Was the MBA worth it?

I graduated one year ago, so I guess it is time to take a small step back and ponder on the use and return on investment of my MBA (but the heat of  Tunis where I am now writing is not really helping).  I have read a couple of articles lately on the topic and of course their answer is more or less “no” (otherwise it is not an interesting enough article): you can train on your own, you can network on your own, you can all have it with hard work and good will, you will save money and this is what our statistics show on the post-MBA salary bla bla ba. Of course, the reader with such articles feel comfortable with the status quo, he can do it all on his own, far from the business school rip off. But one thing you learn once you start your MBA program is that all these statistics and studies do not mean anything because every candidate has his own story, his own ambitions, his own assumptions, his own constraints!

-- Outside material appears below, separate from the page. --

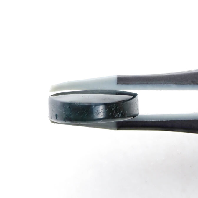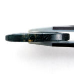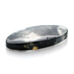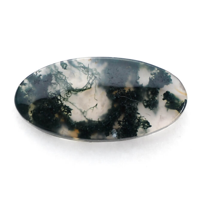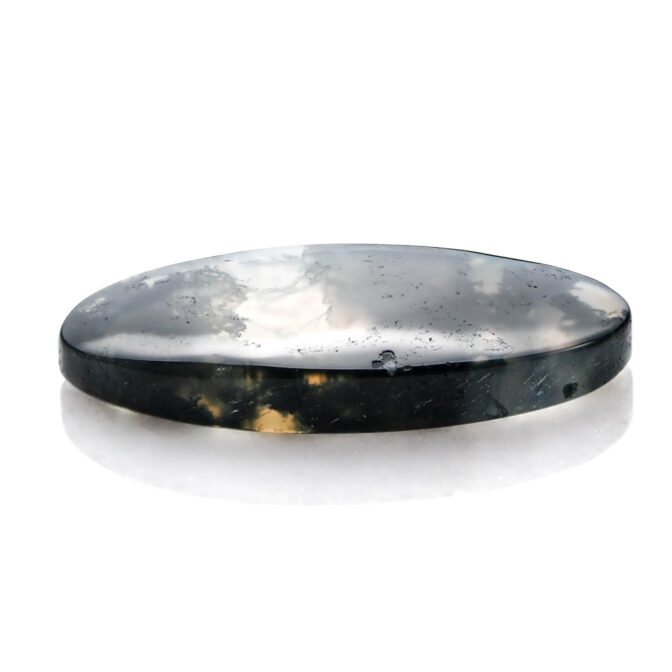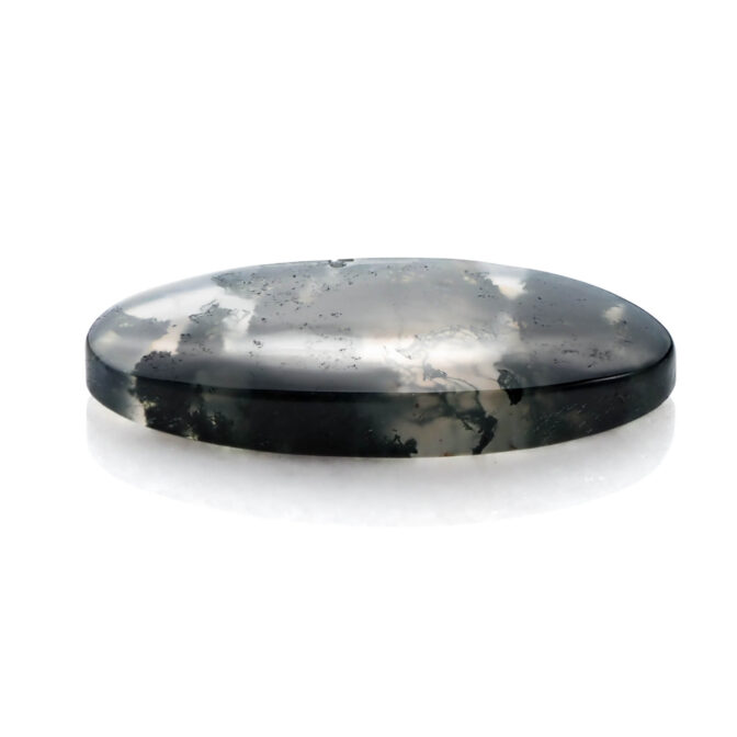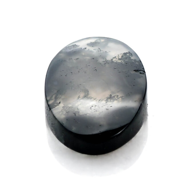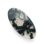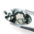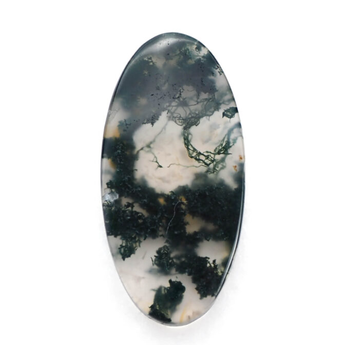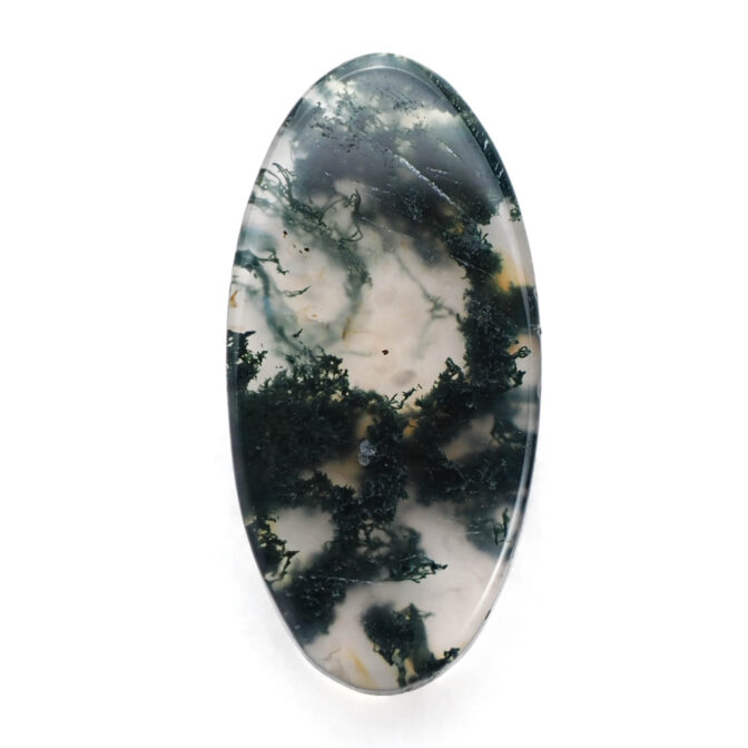このページでご紹介しているモスアゲートは、クォーツと見紛うほど透明感あふれるアゲートの中に、苔にも例えられるディープグリーンのインクルージョンがゆったりと揺蕩っています。ほっそりとしたオーバルシェイプに磨かれ、デザイン性の高いピースに仕上がっています。ところどころに乳白色のふんわりとしたインクルージョンが散らばっていおり、アゲートらしさも兼ね備えたルースです。この模様のバランスは一点ものならではで、他の人と被ることが全くないのも嬉しいポイント。一期一会の出会いは運命を感じさせます。

After few years in France, I wanted to gain some experience in US, get exposure to new fields and new profiles, and get some tools to switch my career into private sector development related jobs. Of course, I went, like many of my MBA colleagues, through lots of downs, frustration, doubts etc. And it starts from week one: have I really made the right choice of country? program? school? etc. No wonder that some of the students drop out after a couple of weeks. And I had different ambitions and limits from the married Indian candidate’s who left his family in Mumbai, and the investment banker’s from New York City who wanted to boost his salary. This is why you need to keep your focus, and you cannot do it while you are already working in a company you do not like, or while you are “training on your own”. The MBA was for me a 2 year track to explore various topics, discuss with as many people as possible and to be involved in different projects. Gradually, I became familiar with topics I found out I am really interested in (was it luck?), I gained some “professional” experience in different areas and countries, which was all concluded with a credible MBA degree that looks good on the resume. Of course, it is annoying to be in debt. It is annoying to look around and see that some of your friends had moved on during the two years you were back to exams, homework  and student parties. But I am very happy with the outcome and I do not regret it a single second. So yeah, you can do it on your own, and take as less risk as possible. It is just a tool after all, but something that can be very enriching, challenging and effective. A worthy tool.